No automobilismo, Bira começou a se destacar. Ainda não havia um grande campeonato internacional, mas muitos grandes prêmios eram realizados pela Europa. Correndo com o carro de seu primo, ele conseguiu muitos resultados expressivos em 1935 e 1936, incluindo uma vitória na Copa Príncipe Rainier, em Mônaco. Nos anos seguintes, dificuldades financeiras fizeram com que suas participações em corridas ficassem mais restritas ao Reino Unido, utilizando carros com chassis mais antigos, que não eram páreo para os modelos mais novos. Ainda assim, Bira continuava se destacando, até que veio a Segunda Guerra e tudo parou.

Durante o conflito, o príncipe tailandês aprendeu a pilotar outras máquinas, os aviões, e tornou-se instrutor da Força Aérea Real britânica. Quando o conflito terminou, Bira voltou a correr, mas passou a utilizar carros da Maserati, já que a indústria automobilística britânica havia sido quase completamente destruída.



Príncipe Bira na Força Aérea Real


E foi um Maserati que Bira alinhou na reta de largada de um campeonato internacional que surgia no ano de 1950: a Fórmula 1. Competindo contra os maiores pilotos do mundo, o príncipe Bira não fez feio, apesar de não estar no nível dos mais habilidosos, como Juan Manuel Fangio, Guiseppe Farina e Alberto Ascari. Foram cinco pontos conquistados nas seis corridas do campeonato (apenas os cinco primeiros pontuavam), que lhe deram a oitava posição geral. Nas três temporadas seguintes, não conquistou nenhum ponto.
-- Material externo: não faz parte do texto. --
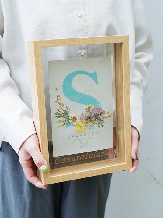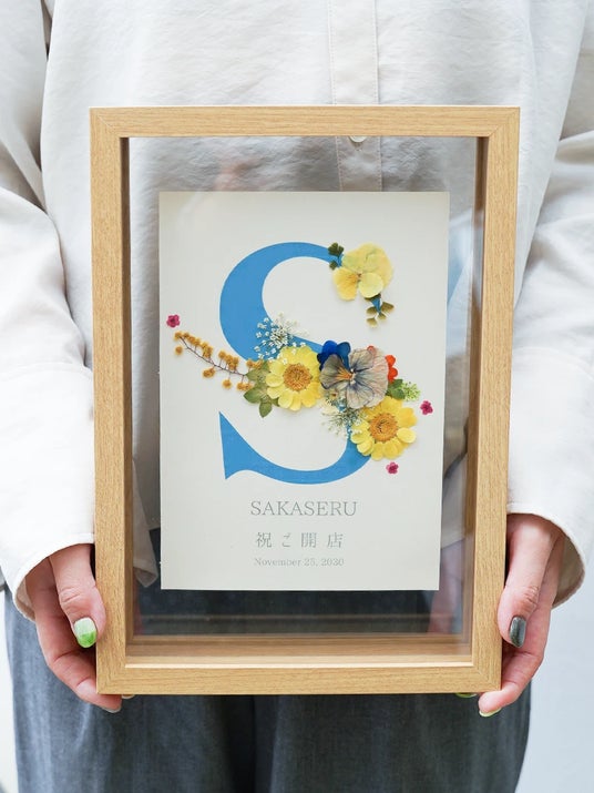 開業や周年のお祝いには、会社のイニシャルを押し花で彩り、大切な節目をお祝いする贈り物としてご活用いただけたら嬉しいです。
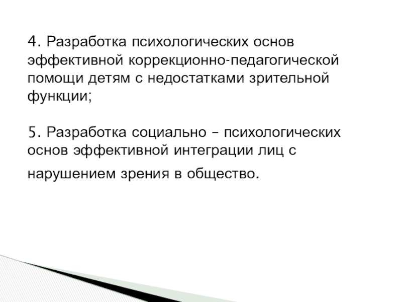 Слайд 194. Разработка психологических основ эффективной коррекционно-педагогической помощи детям с недостатками зрительной
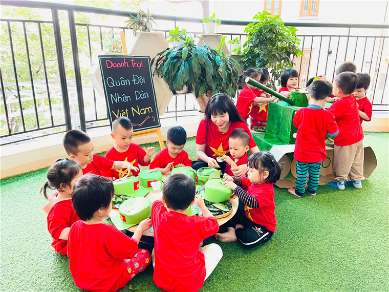 Hoạt động Chào mừng ngày Thành lập Quân đội nhân dân Việt Nam 22/12 của các bé lớp Mẫu giáo bé C2
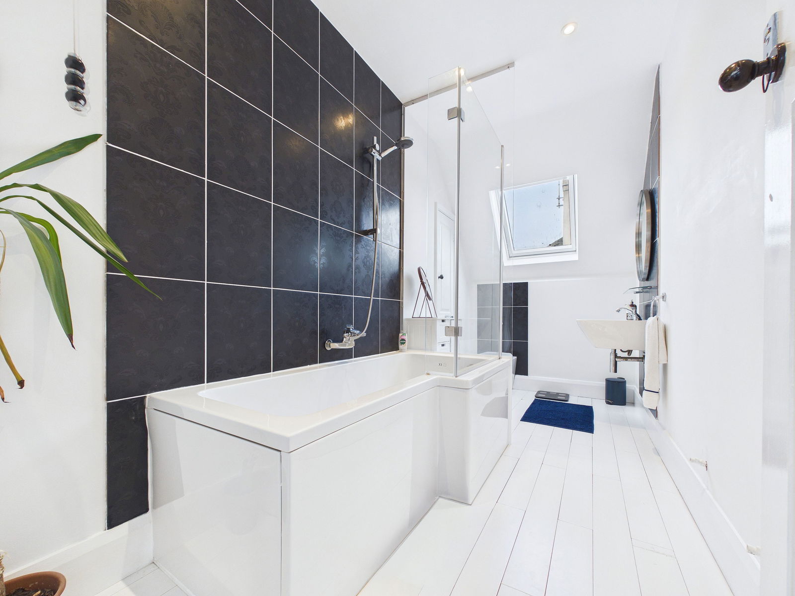 FAMILY BATHROOM Luxury suite comprising shower bath with glass screen and shower attachment, vanity basin, close coupled WC and part tiled. Store cupboard with gas combi boiler.
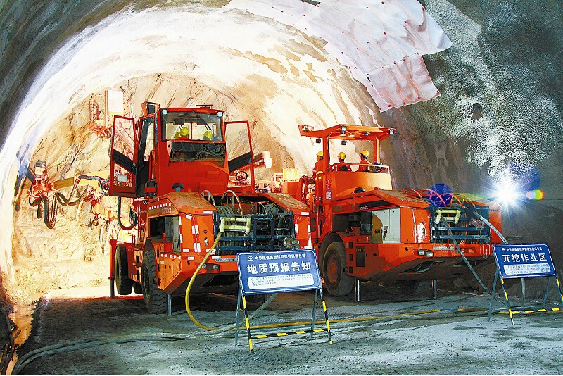 中鐵隧道集團員工在懷邵衡鐵路南雪峰山隧道內利用三臂液壓鑿巖臺車開展開挖作業。王良雷 攝
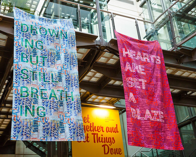 Radical Read used creativity to encourage young people to read more by examining historic and current texts, accounts and stories from protests involving young people. They found inspiration from research visits, such as the People’s History Museum Disrupt? exhibition and worked with poets from Young Identity . Artists Sally Gilford, Yussuf Mrabty and a group of young people created four banners which are on permanent display at Manchester College and they also produced a unique soundscape which you can listen to here.

1954 marcaria sua última temporada na Fórmula 1. Sua primeira participação foi na terceira etapa, o Grande Prêmio da Bélgica, em que terminou em um honroso sexto lugar. Mas seria na corrida seguinte, na França, em que o príncipe Bira faria sua melhor corrida na Fórmula 1. Mais uma vez a bordo de um Maserati (correra também por Gordini, Connaught e Lea-Francis), após largar em sexto, ele deixou para trás os pilotos da Ferrari e, na metade da corrida estava em terceiro lugar, atrás de dois dos três carros da melhor equipe daquele ano, a Mercedes. Na ponta, Juan Manuel Fangio, rumando para a conquista do segundo de seus cinco títulos mundiais. Fazendo uma ótima corrida, muito próximo às Mercedes, Bira chamava a atenção de todos, até que veio a chuva. Seu rendimento caiu e ele foi ultrapassado por Robert Manzon, piloto francês da Ferrari, a uma volta do fim, perdendo aquele que seria seu primeiro pódio na Fórmula 1. Ainda viriam dois abandonos no Reino Unido e na Alemanha e uma nona posição na Espanha. Em 1955, o príncipe Bira correria, mais uma vez, o Grande Prêmio da Bélgica, mas acabou desistindo e se aposentando do automobilismo.
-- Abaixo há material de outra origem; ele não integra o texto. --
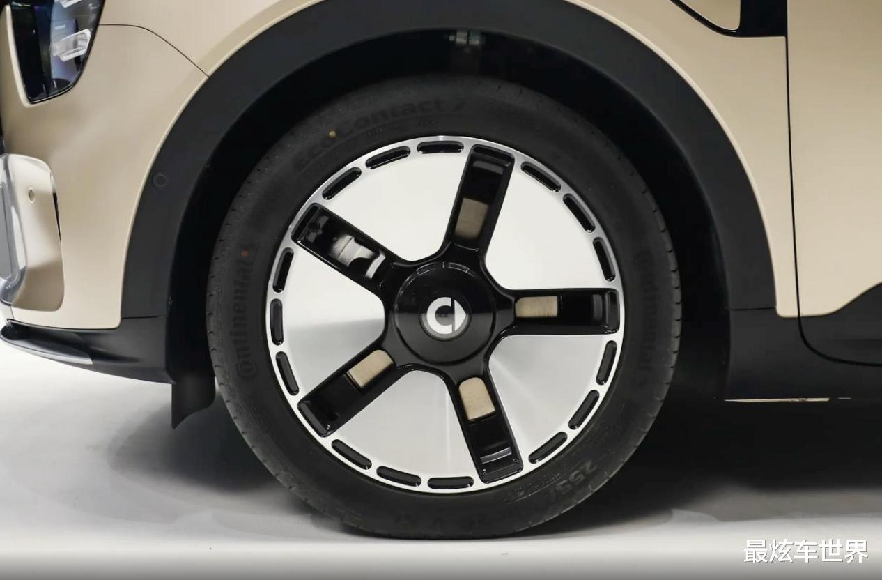 在轮毂设计上,真的有种小号“迈巴赫GLS”的感觉,双拼色“大饼轮毂”说不吸睛是假的,特别是轮毂边缘还保留了标志性的镂空处理。不止于此,新车轮毂上Smart车标罩盖和劳斯莱斯的车型采用了类似的设计,就是无论车轮怎么转动,它都会保持重心向下,车标始终是正的。车尾的设计也很有看点,D柱采用了可发光的LOGO设计,夜间出行仪式感到位。
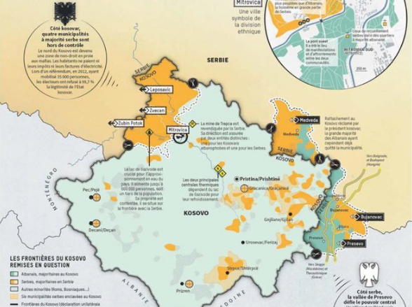 ФРАНЦУСКИ днени лист Le Mond објавио је два текста о евентуалној размени територија између Београда и Приштине, као и мапу Косова са својим тумачењем како би изгледала "измена граница, уз оцену да су "етнички мозаик, кључне инфраструктуре и културна здања препреке за пројекат поновног дефинисања граница".
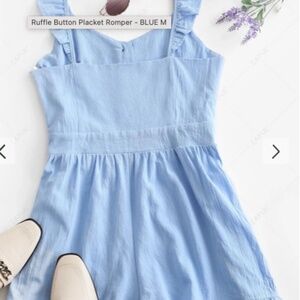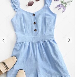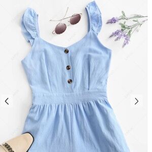 Zaful romper- size medium. Sky blue color. Flutter sleeve detail. Zipper closure. Shorter in length. I typically wear a size small and the medium fit great. So I would def size down. Worn Once!

Príncipe Bira guiando sua Maserati com as cores automobilísticas da Tailândia no Grande Prêmio da França de 1954.


Ainda que não figure entre os maiores pilotos da história, Birabongse escreveu um dos capítulos mais inusitados e interessantes da história do automobilismo. Centenas de pilotos guiariam carros de Fórmula 1 depois dele, mas nenhum outro príncipe. Além disso, a bandeira da Tailândia só voltaria a figurar na principal categoria do automobilismo mundial em 2019, quando Alexander Albon (nascido na Inglaterra, mas filho de mãe tailandesa, que escolheu correr sob essa nacionalidade) fez sua estreia.
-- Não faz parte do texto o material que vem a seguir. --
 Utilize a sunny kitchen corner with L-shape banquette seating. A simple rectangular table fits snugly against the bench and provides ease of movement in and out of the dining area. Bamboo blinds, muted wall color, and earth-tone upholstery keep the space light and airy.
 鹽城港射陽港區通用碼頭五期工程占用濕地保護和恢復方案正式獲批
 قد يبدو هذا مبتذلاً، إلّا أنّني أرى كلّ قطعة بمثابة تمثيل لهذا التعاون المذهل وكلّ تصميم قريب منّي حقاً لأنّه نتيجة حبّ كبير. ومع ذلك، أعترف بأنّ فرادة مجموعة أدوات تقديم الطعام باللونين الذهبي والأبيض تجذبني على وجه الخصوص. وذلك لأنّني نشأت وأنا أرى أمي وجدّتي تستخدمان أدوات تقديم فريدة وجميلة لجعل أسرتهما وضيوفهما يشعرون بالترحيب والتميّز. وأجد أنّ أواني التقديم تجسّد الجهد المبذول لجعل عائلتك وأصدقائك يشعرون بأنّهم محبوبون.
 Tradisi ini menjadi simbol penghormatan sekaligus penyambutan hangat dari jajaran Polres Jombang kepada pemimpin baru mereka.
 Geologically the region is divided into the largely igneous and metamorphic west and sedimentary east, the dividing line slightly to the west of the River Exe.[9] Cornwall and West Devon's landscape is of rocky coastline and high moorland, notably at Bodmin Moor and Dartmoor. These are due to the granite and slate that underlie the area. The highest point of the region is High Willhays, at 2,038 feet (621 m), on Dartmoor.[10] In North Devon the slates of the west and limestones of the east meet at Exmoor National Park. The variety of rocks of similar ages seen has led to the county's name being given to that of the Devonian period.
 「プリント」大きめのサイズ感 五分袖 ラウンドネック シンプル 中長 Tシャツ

Depois de deixar o automobilismo, Bira virou velejador e participou de quatro Olimpíadas: Melbourne, 1956; Roma, 1960; Tóquio, 1964 e; Munique, 1972. Faleceu em 1985, vítima de um ataque cardíaco fulminante, dentro de uma estação de metrô, em Londres. Sozinho e sem documentos, sua identidade só foi descoberta após a tradução de uma carta, escrita em tailandês, que estava em seu bolso, endereçada a Birabongse Bhanudej Banhbandh, o príncipe Bira.